DATA BELOW

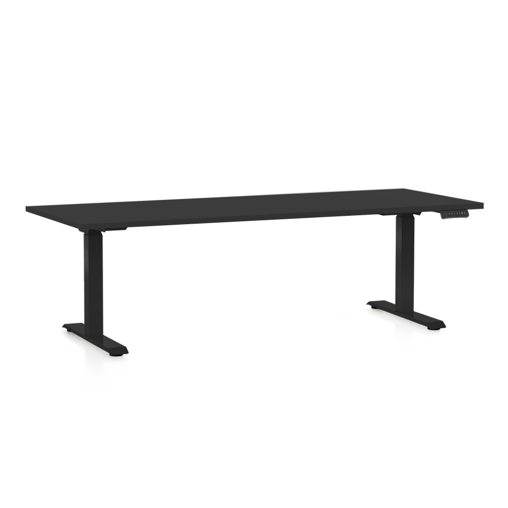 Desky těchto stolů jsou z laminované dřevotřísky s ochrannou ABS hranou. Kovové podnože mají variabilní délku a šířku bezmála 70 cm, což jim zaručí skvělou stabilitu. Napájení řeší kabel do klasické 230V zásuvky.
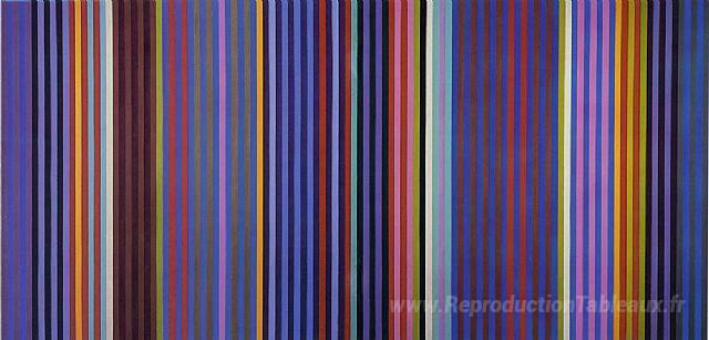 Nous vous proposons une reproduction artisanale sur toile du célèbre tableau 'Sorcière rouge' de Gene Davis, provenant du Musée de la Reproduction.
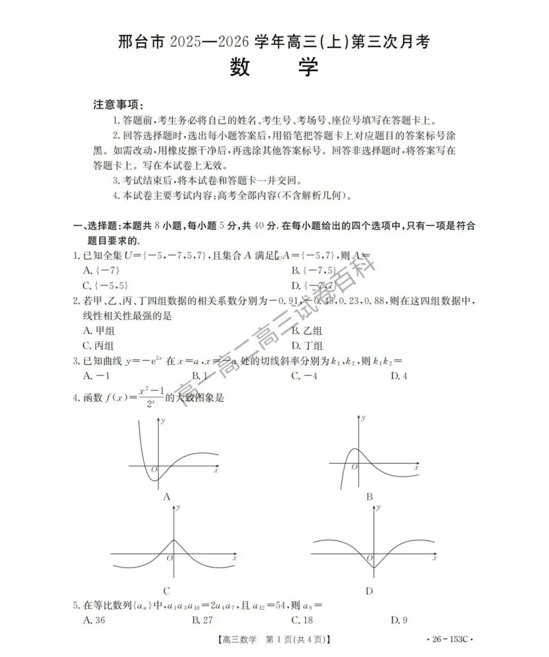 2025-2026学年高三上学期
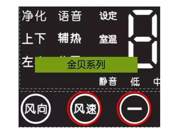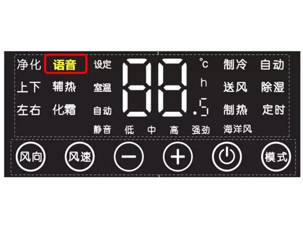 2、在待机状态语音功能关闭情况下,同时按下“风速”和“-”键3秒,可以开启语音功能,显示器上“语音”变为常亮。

AIM OF THE EXERCISE
Your answer should reproduce every line of the data verbatim and include no images.

EXERCISE ANSWER
 Desky těchto stolů jsou z laminované dřevotřísky s ochrannou ABS hranou. Kovové podnože mají variabilní délku a šířku bezmála 70 cm, což jim zaručí skvělou stabilitu. Napájení řeší kabel do klasické 230V zásuvky.
 Nous vous proposons une reproduction artisanale sur toile du célèbre tableau 'Sorcière rouge' de Gene Davis, provenant du Musée de la Reproduction.
 2025-2026学年高三上学期
 2、在待机状态语音功能关闭情况下,同时按下“风速”和“-”键3秒,可以开启语音功能,显示器上“语音”变为常亮。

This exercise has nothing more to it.